The Future Health Now Encyclopedia is an e-book authored by Dr. Carolyn Dean, a licensed medical practitioner and experienced naturopath. Within the book, Dr, Dean draws on her vast experience to offer natural solutions to a variety of ailments and health issues without the requirement to resort to drugs or surgeries.
The book is designed as five books in one, divided into segments covering treating common ailments, advice and information, optimum eating, cleansing, and homeopathic first aid. Dr. Carolyn Dean has authored more than 30 books on health and publishes a free online newsletter.
The Future Health Now Encyclopedia was initially published as When You Can’t Reach the Doctor, and since then has been expanded exponentially to contain 538 pages covering alternative treatments for 134 common ailments. You can find a definition of alternative and complementary treatments in the PDF attachment to this post.
Magnesium deficiency is a specialist area of Dr. Carolyn Dean, who has spent many years studying the effects of magnesium on the body, the health advantages of maintaining optimum magnesium levels, the health issues that are often misdiagnosed and can be fixed with increased magnesium intake, and the signs of magnesium deficiency.
Dr. Dean states that around 80% of adults in North America are deficient in magnesium, which can cause health issues that allopathic doctors cannot solve.
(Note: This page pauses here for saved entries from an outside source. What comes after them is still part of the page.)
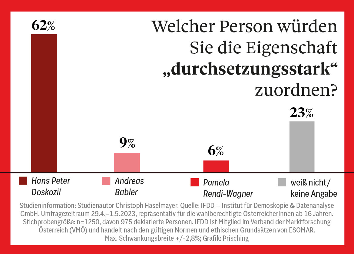 Bei der Eigenschafts-Frage zum Thema „Durchsetzungsfähigkeit“ verzeichnet Hans Peter Doskozil mit 62 Prozent Zustimmung generell den höchsten Wert, darunter stolze 69 Prozent der deklarierten Grün-Wähler, 64 Prozent der deklarierten ÖVP-Wähler und 61 Prozent der deklarierten SPÖ-Wähler. Andreas Babler liegt in Sachen „Durchsetzungsfähigkeit“ bei nur neun Prozent, Rendi-Wagner bei sechs.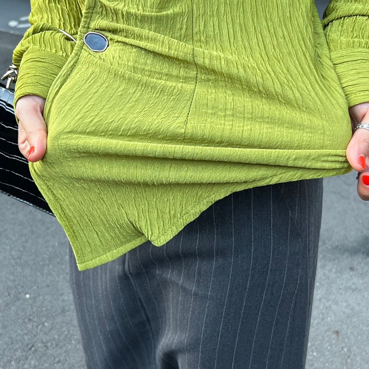ウエストのギャザーや、サイドのラウンドカットで、ウエストが細身えする形です★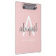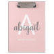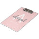Modern Blush Pink Girly Grey Monogram Name Clipboard

Some more statistics for nutrient deficiency among the population of the United States can be found in the infographic attachment.
Magnesium has many benefits for both physical and mental health, including helping to alleviate symptoms of anxiety, preventing conditions such as diabetes, Parkinson’s disease and Alzheimer’s disease, boosting energy levels, and improving sleep.
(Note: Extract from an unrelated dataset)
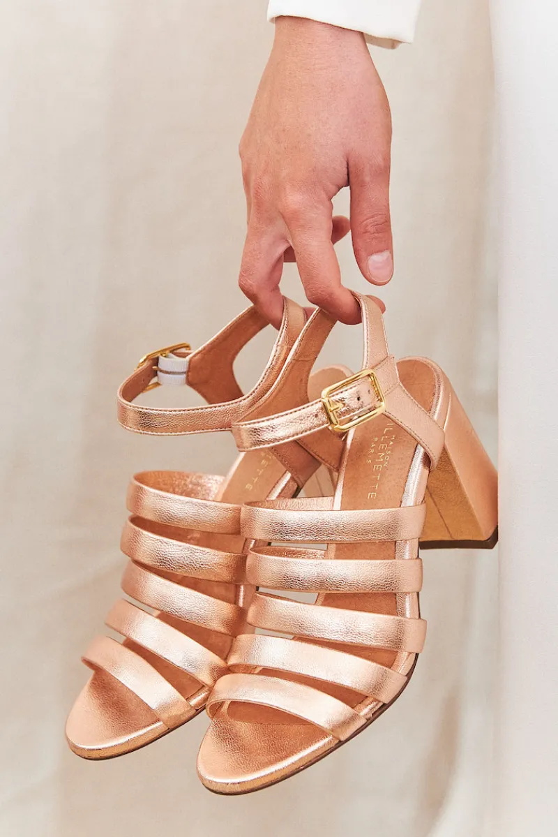 Escarpins à talon en chèvre métal rose, fermeture par une bride à la cheville avec une boucle dorée.

In the past, most people got the right quantity of magnesium from their diets. Soil, and therefore the food grown in that soil, used to be rich in magnesium, so people eating a healthy, varied diet could expect to consume around 500mg of magnesium daily.
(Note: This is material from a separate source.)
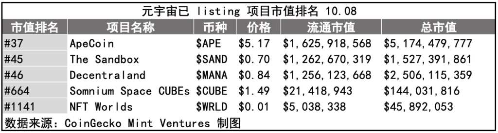 不同元宇宙项目的横向对比:

However, over the past century or so, the levels of magnesium in soil have been depleted, yet most fertilizers do not contain this essential mineral. This means that few people today can absorb an adequate amount of magnesium from diet alone. Eating larger quantities of magnesium-rich foods such as kale, seaweed, nuts and seeds, can help redress the balance. Many people may also want to consider taking a magnesium supplement to ensure they are meeting their recommended daily allowance.
Dr. Carolyn Dean recommends dissolving one or two cups of Epsom salts in bath water before bathing, as this contains magnesium sulfate which can be absorbed well through the skin. Some of the medical uses of magnesium sulfate are outlined in the embedded short video.
One of the key issues covered in Dr. Carolyn Dean’s book The Future Health Now Encyclopedia is optimum eating. Optimum eating includes not just cutting down on foods that are bad for us, such as processed sugars and saturated fats, but also making choices based on the quality of the food available.
High quality foods include those that are minimally processed and unrefined, such as vegetables and fruits, healthy fats, whole grains, and healthy sources of protein such as lean chicken. Lower quality foods include anything that has been highly processed or refined such as ready meals or snack foods, refined sugar and grains, foods with a high content of trans fats or saturated fats, fried foods, and foods such as potatoes that are high-glycemic.
Choosing foods from the high-quality list and eating in appropriate portion sizes can help maintain a healthy weight and promote overall wellbeing.